For the records below, copy exactly the span that begins at the line containing "Testing setup for" and stops after the line containing "- Flexion/Extension: This", minus any pictures.

STUDY MATERIAL:
▬▬▬▬▬▬

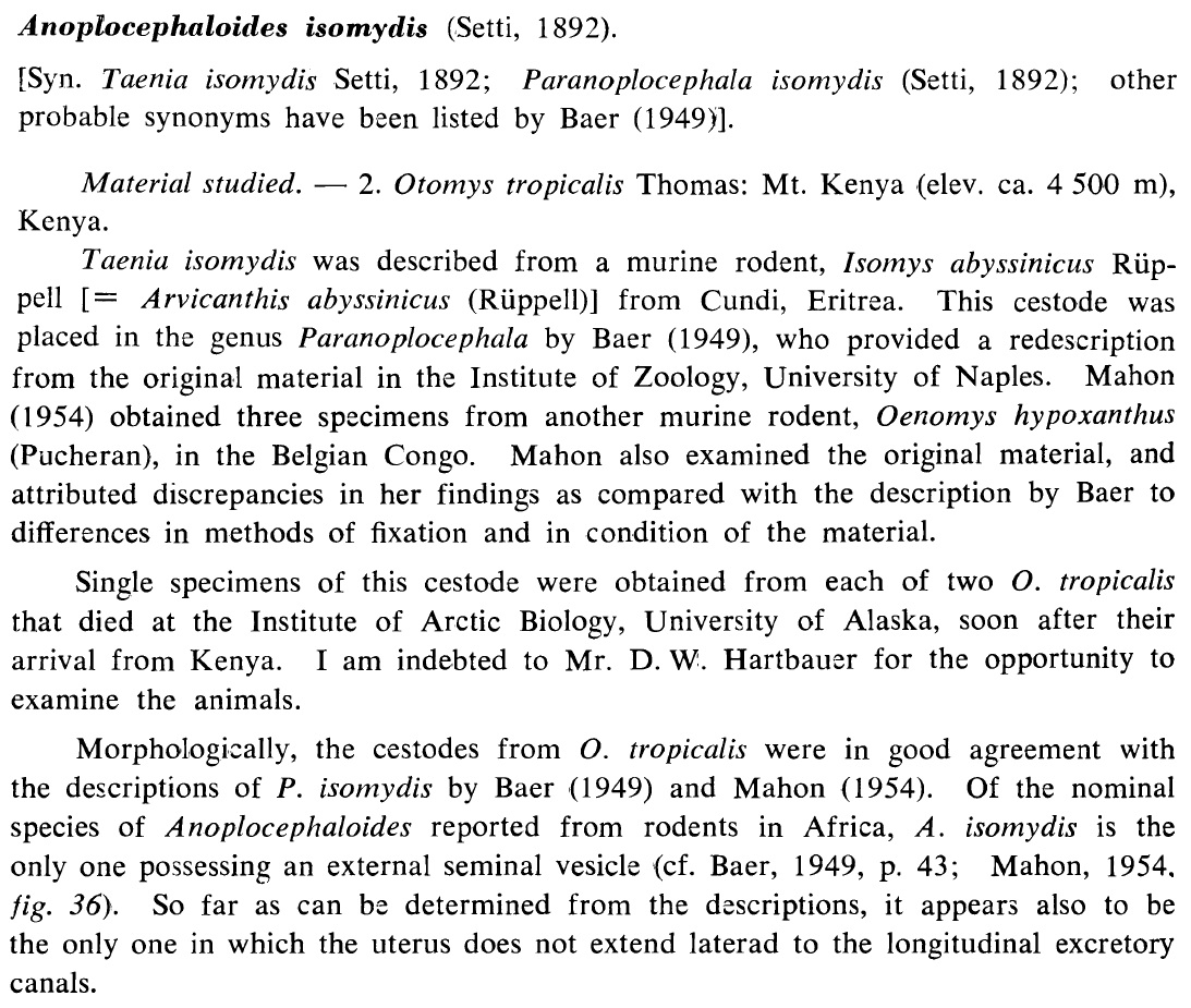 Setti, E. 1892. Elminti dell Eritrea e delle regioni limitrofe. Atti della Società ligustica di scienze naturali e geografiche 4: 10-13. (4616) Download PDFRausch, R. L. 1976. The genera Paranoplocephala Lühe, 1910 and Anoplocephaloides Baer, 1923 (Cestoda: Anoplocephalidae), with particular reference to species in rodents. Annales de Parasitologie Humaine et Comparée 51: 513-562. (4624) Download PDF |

▬▬▬▬▬▬

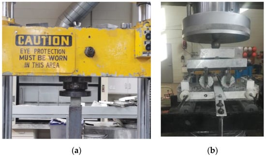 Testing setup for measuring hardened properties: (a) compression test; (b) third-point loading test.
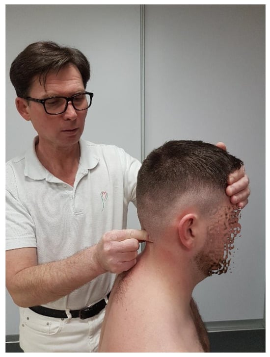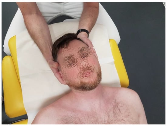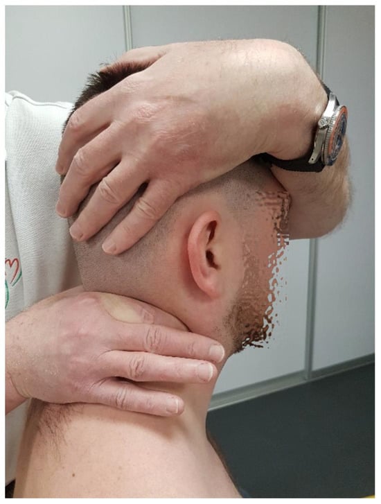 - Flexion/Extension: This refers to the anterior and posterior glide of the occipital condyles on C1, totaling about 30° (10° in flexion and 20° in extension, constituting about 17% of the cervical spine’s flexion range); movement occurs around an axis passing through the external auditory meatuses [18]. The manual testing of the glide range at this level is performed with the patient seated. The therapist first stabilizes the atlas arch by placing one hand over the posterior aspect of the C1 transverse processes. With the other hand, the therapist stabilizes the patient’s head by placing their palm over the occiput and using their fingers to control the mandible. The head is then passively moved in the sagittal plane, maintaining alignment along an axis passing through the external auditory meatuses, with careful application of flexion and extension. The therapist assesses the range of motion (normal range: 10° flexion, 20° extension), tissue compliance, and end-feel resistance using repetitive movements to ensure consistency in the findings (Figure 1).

▬▬▬▬▬▬

SOLUTION:
 Testing setup for measuring hardened properties: (a) compression test; (b) third-point loading test.
 - Flexion/Extension: This refers to the anterior and posterior glide of the occipital condyles on C1, totaling about 30° (10° in flexion and 20° in extension, constituting about 17% of the cervical spine’s flexion range); movement occurs around an axis passing through the external auditory meatuses [18]. The manual testing of the glide range at this level is performed with the patient seated. The therapist first stabilizes the atlas arch by placing one hand over the posterior aspect of the C1 transverse processes. With the other hand, the therapist stabilizes the patient’s head by placing their palm over the occiput and using their fingers to control the mandible. The head is then passively moved in the sagittal plane, maintaining alignment along an axis passing through the external auditory meatuses, with careful application of flexion and extension. The therapist assesses the range of motion (normal range: 10° flexion, 20° extension), tissue compliance, and end-feel resistance using repetitive movements to ensure consistency in the findings (Figure 1).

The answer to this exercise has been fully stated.